Data supplied below:

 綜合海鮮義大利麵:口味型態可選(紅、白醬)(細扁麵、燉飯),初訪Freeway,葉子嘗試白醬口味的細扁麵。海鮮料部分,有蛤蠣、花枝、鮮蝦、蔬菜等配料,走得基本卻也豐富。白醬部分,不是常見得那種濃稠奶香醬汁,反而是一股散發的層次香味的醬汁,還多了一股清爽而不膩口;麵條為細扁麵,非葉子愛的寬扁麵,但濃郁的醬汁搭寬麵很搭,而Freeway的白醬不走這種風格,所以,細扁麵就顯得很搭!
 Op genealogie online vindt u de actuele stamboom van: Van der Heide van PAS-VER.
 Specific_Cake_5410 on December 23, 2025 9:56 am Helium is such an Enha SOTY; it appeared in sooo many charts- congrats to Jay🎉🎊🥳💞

End of Data supplied.
Data supplied below:

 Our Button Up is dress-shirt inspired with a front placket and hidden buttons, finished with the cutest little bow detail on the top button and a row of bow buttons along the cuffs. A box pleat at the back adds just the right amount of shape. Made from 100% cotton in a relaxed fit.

End of Data supplied.

> [Problem description] Within the listing above, give again exactly every line from the line with "綜合海鮮義大利麵:口味型態可" through the line with "Specific_Cake_5410 on December", both included, and no other line.

> [Completed task]
 綜合海鮮義大利麵:口味型態可選(紅、白醬)(細扁麵、燉飯),初訪Freeway,葉子嘗試白醬口味的細扁麵。海鮮料部分,有蛤蠣、花枝、鮮蝦、蔬菜等配料,走得基本卻也豐富。白醬部分,不是常見得那種濃稠奶香醬汁,反而是一股散發的層次香味的醬汁,還多了一股清爽而不膩口;麵條為細扁麵,非葉子愛的寬扁麵,但濃郁的醬汁搭寬麵很搭,而Freeway的白醬不走這種風格,所以,細扁麵就顯得很搭!
 Op genealogie online vindt u de actuele stamboom van: Van der Heide van PAS-VER.
 Specific_Cake_5410 on December 23, 2025 9:56 am Helium is such an Enha SOTY; it appeared in sooo many charts- congrats to Jay🎉🎊🥳💞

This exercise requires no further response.